MCP-NET-03 — TLS Enforcement for Remote Connections#

Level: L2 Domain: NET

Requirement#

MCP servers exposed via HTTP/WebSocket transports MUST enforce TLS 1.2 or higher for all connections, with proper certificate validation and secure cipher suites. Plaintext HTTP MUST be disabled in production environments.

Rationale#

Unencrypted MCP communication exposes sensitive data including authentication tokens, tool parameters, and response data to network interception. Research has shown MCP servers transmitting API keys, database credentials, and user data over plaintext HTTP. The “NeighborJack” attacks demonstrated that servers binding to 0.0.0.0 without TLS enabled session hijacking from any device on the same network (cafés, coworking spaces).
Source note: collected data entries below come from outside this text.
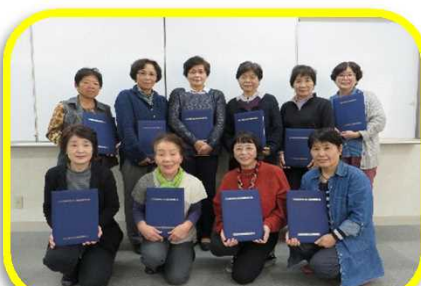
修了者で集合写真(第5回目)

次回の生活支援サポーター養成講座の開催日程が決まりましたら加西市広報、市ホームページなどでお知らせします！ ぜひご参加ください！！
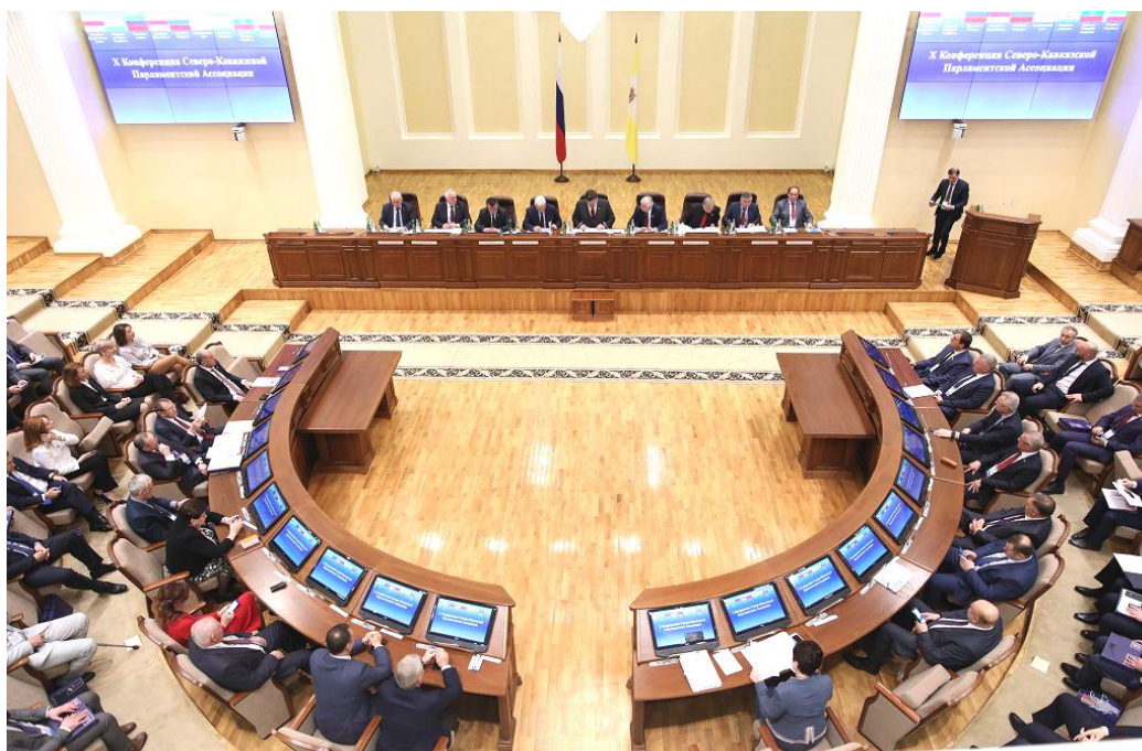
X Конференция Северо-Кавказской Парламентской Ассоциации, 4 апреля 2019 г.
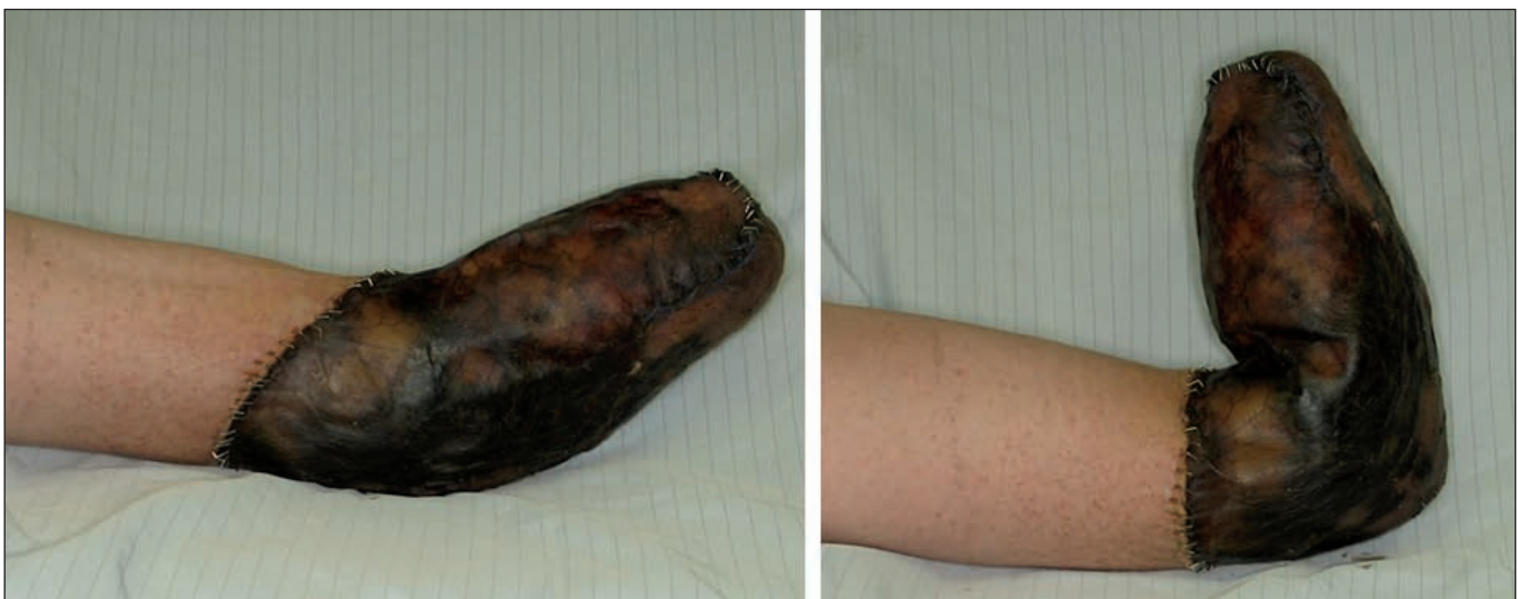
Fig. 1. Varón de 33 años. Necrosis cutánea circular de la porción distal del muñón de amputación con conservación de una correcta movilidad del codo.

Tras resecar la piel ulcerada y realizar un desbridamiento exhaustivo de la cavidad medular de la tibia, extirpar la piel circundante y los tejidos blandos afectos,
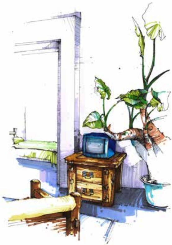
图 2-1-11 某客厅细部表现图 / 李鹏设计 / 中国 / 2010 年

图文并茂是设计成果最常见的表达方式。文字说明首先要求语言规范准确，字词句不应产生歧义误解；其次要求语言条理清晰、简明扼要，避免逻辑混乱、冗长堆砌。好的文字说明是对图纸的必要补充，使图文相互支撑、相互辉映。通过文字，设计师可以对设计背景、设计构思创意、设计特点等设计理念进行准确无误、言简意赅的阐述。
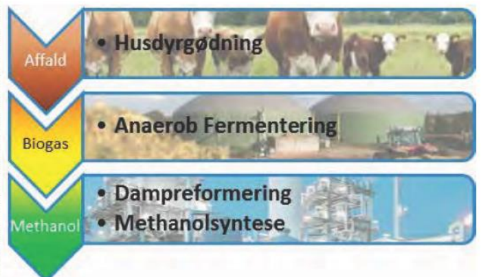
Biomethanol Flydeskema – Fra husdyrgødning til Grøn Benzin.

Den mulighed får de nu med et nyt dansk initiativ. Et nystiftet selskab DANSK BIOMETHANOL har sat sig for at samle kræfter og kapital, der kan løfte opførelse af verdens første kombinerede biogas- og methanolværk.
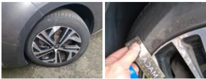
Jante alum. ARG bi-ton/polychrome, Griffe(s), Réparer/rempl. (montant forfaitaire)
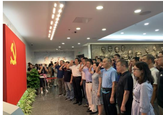
到上海中共一大旧址进行党性教育
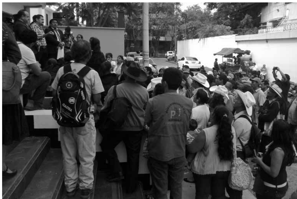
Integrantes de la Resistencia Pacífica de La Puya esperando los resultados del proceso a compañeros acusados en el día que éstos fueron absueltos, Foto: PBI 2015
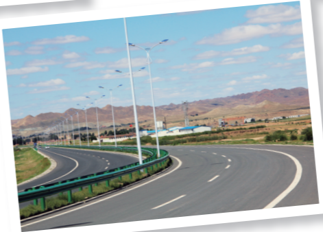
四通八达的交通网络。

新中国成立前夕,全县有水渠61条,吊水井500眼,辘轳井200眼,水车井8眼,低标准水浇地500公顷。新中国成立后,固阳县水利建设发展较快。1952年,县政府召开开渠打井;1957年开始打大口井;1958年开始修水库;1963年建高灌站;1973年开始大规模机电井建设;1986年以后,又搞堤防工程、小流域综合治理以及以水利为中心的农田基本建设。截至1990年,全县共建成水利工程2400多项,发展水浇地14666公顷。阿塔山水库于2008年9月工程开工建设,2011年9月竣工,以供水、防洪为主,总库容量为6464万立方米。2015年,全县有效灌溉面积为30.69万亩,节水灌溉面积29.72万亩。2018年,固阳县重点抓好以农业高效节水灌溉(滴灌)、抗旱应急水源为主的农民增收增效工程和农业供水工程,以农村安全饮水、城镇供水为主的民生工程,以京津风沙源二期工程、中小河流治理为主的生态工程,实施高效节水灌溉项目4.2万亩,新建井房171座,配套水泵171套,排水井1047眼,新建堤防及护岸工程17.328km,新建护井坝6座,泵房11座,铺设管道1.72公里。
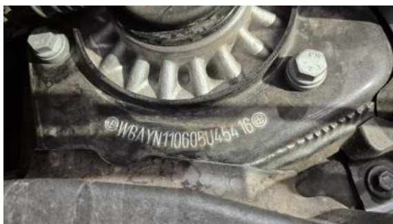
Fot. 13 Numer identyfikacyjny
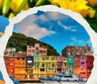
ท่าเรือเจิ้งปิง
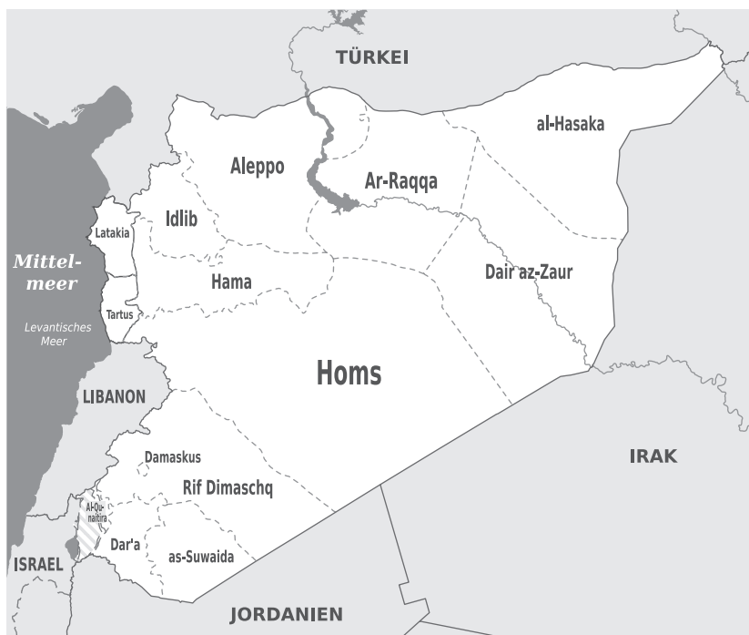
Podział administracyjny Syrii ( Governorates divisions of Syria , Wikimedia Commons, CC BY-SA 3.0).

początku konfliktu było 26 500; 18 000 w archieparchii Aleppo 69 , 4000 w eparchii Al-Qamisli 70 i 4500 w patriarchalnym egzarchacie Damaszku 71 . Apostolski wikariat Aleppo skupiający syryjskich rzymskich katolików liczył 13 000 wiernych w 2010 roku 72 . Liczba protestantów jest trudna do ustalenia, gdyż brak jest oficjalnych
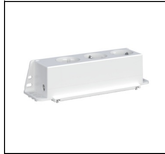
ZE227 3-fach Steckdose EAN 4011617612117 Art.-Nr. 2CPX061211R9999 Listenpreis 82,50 €
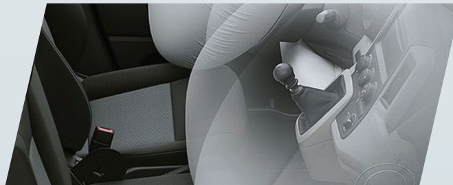
Airbag frontales (x2) con protección para 3 ocupantes
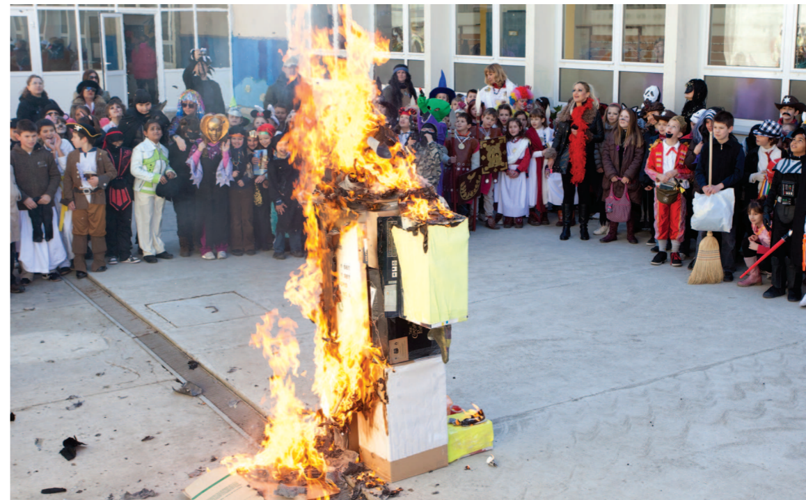
Za Krnju nije bilo milosti!

Dana 8. ožujka vesela, raspjevana i šarolika povorka maškara svečano je zapalila Krnju u dvorištu naše škole. Svi policajci, princeze, ratnici, klaunovi, vampiri, Dioklecijanovi vojnici, sam Dioklecijan i sva njegova carska svita, ljepotice i zombiji bili su jedinstveni u odluci da je opet Krnje kriv.

Microsoft’s security framework mandates TLS for all remote MCP connections, and the MCP specification explicitly requires HTTPS for production deployments.

Scope#

Applies to:

• HTTP/WebSocket transport servers
• Remote MCP servers (non-localhost)
• Proxy/gateway MCP servers
• MCP servers handling any sensitive data

Does NOT apply to:

• stdio transport (local process communication)
• Localhost-only development servers (127.0.0.1)
• Test/CI environments with no sensitive data

Required Evidence#

1. TLS Configuration: Server config showing TLS enabled with minimum version 1.2
2. Certificate validation: Valid certificate chain from trusted CA (or pinned cert for internal)
3. Cipher suite configuration: Strong ciphers only (no NULL, export, or weak ciphers)
4. HTTP redirect or blocking: Plaintext HTTP requests rejected or redirected to HTTPS
5. Test results:
   • HTTPS connection succeeds with valid certificate
   • HTTP connection fails or redirects
   • TLS 1.0/1.1 connections rejected
   • Self-signed certificate rejected (unless explicitly trusted)

Verification Guidance#

Static (code/config review)#

Look for:

// Node.js example with proper TLS
const https = require('https');
const fs = require('fs');

const options = {
  key: fs.readFileSync('private-key.pem'),
  cert: fs.readFileSync('certificate.pem'),
  // Enforce TLS 1.2 minimum
  secureOptions: constants.SSL_OP_NO_TLSv1 | constants.SSL_OP_NO_TLSv1_1,
  // Strong ciphers only
  ciphers: 'ECDHE-RSA-AES128-GCM-SHA256:ECDHE-RSA-AES256-GCM-SHA384',
  honorCipherOrder: true
};

https.createServer(options, app).listen(443);

# Python example with secure TLS
import ssl
from aiohttp import web

ssl_context = ssl.create_default_context(ssl.Purpose.CLIENT_AUTH)
ssl_context.load_cert_chain('certificate.pem', 'private-key.pem')
ssl_context.minimum_version = ssl.TLSVersion.TLSv1_2
ssl_context.set_ciphers('ECDHE+AESGCM:ECDHE+CHACHA20:!aNULL:!MD5:!DSS')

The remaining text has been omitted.